Data:
Segment Open

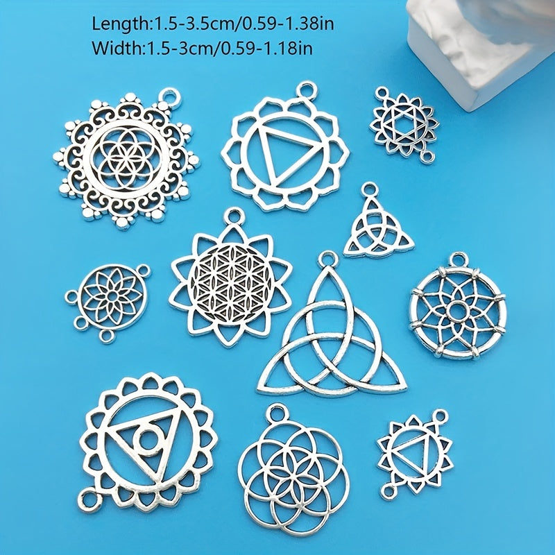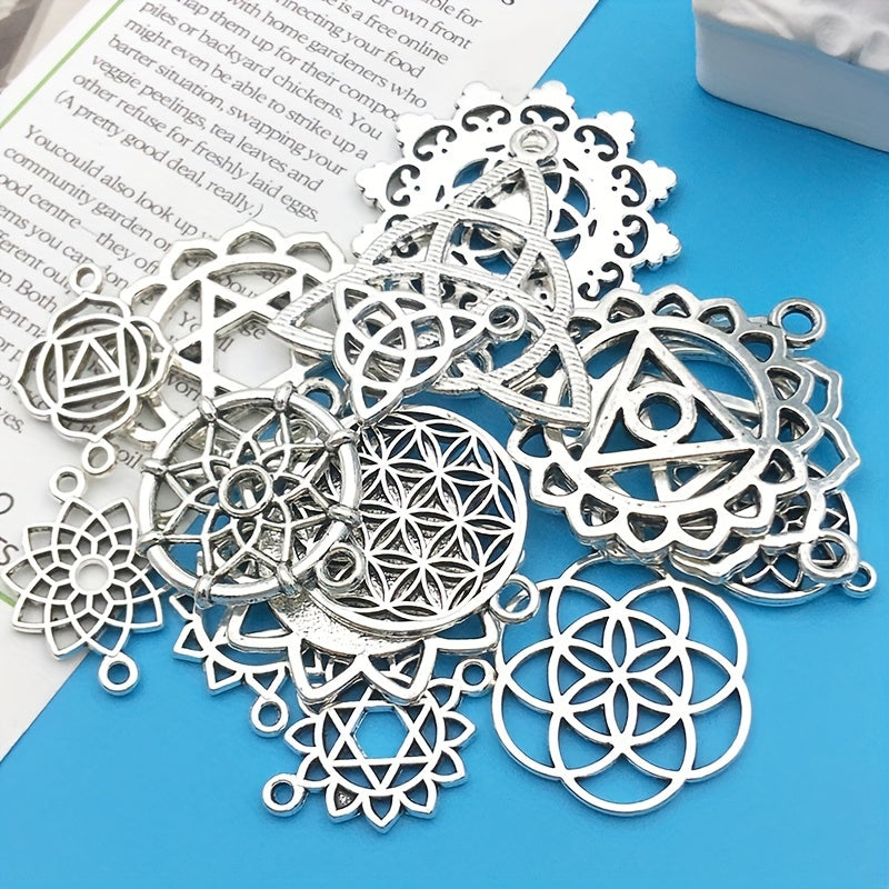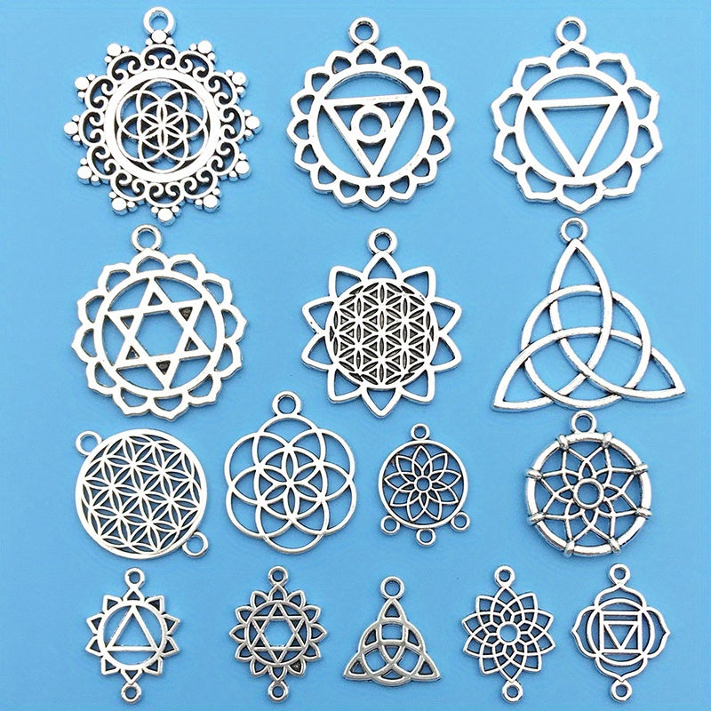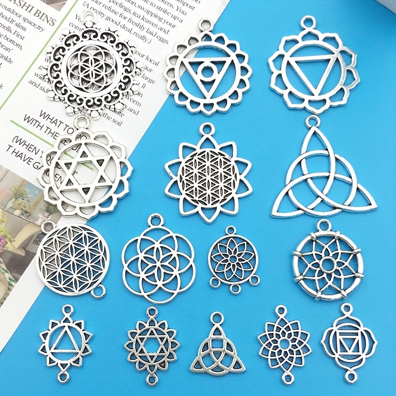 Enhance your jewelry making with this set of 15 silvery alloy hollow out pendants. Perfect for creating unique necklaces, bracelets, and earrings.
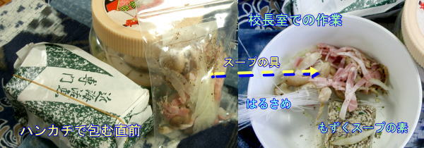 ハンカチで包みます。自然学校ではスープの具をボウルに入れ、スープの素、はるさめを足
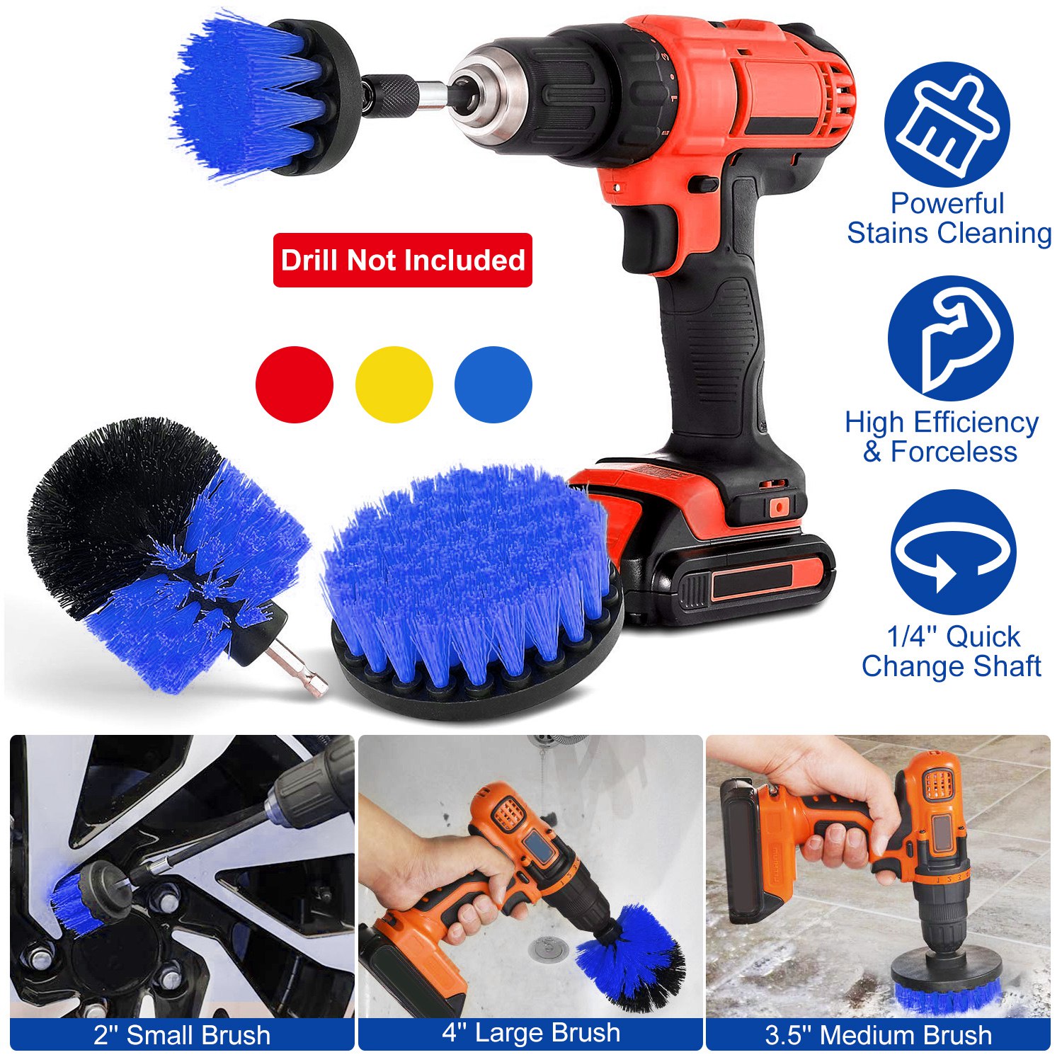 Our drill brush which can be attached to cordless drills with its 1/4'' mounting shaft can exert a deep cleaning to remove stubborn stains and make the time-consuming cleaning work finished quickly. It comes with 3 types of brushes-2'' small brush, 3.5'' medium brush and 4'' large brush to scrub large surfaces, small surfaces, corners, hard-to-reach spots and crevices areas in bathroom and kitchen like tiles, tubs, sinks, toilets, baseboards, fiberglass shower enclosures, shower door tracks, countertops, and other suitable metal/glass/porcelain/plastic surfaces.

Segment Closed

Problem to solve:
The listing above must be retyped word for word, without the pictures.

Result of the task:
 Enhance your jewelry making with this set of 15 silvery alloy hollow out pendants. Perfect for creating unique necklaces, bracelets, and earrings.
 ハンカチで包みます。自然学校ではスープの具をボウルに入れ、スープの素、はるさめを足
 Our drill brush which can be attached to cordless drills with its 1/4'' mounting shaft can exert a deep cleaning to remove stubborn stains and make the time-consuming cleaning work finished quickly. It comes with 3 types of brushes-2'' small brush, 3.5'' medium brush and 4'' large brush to scrub large surfaces, small surfaces, corners, hard-to-reach spots and crevices areas in bathroom and kitchen like tiles, tubs, sinks, toilets, baseboards, fiberglass shower enclosures, shower door tracks, countertops, and other suitable metal/glass/porcelain/plastic surfaces.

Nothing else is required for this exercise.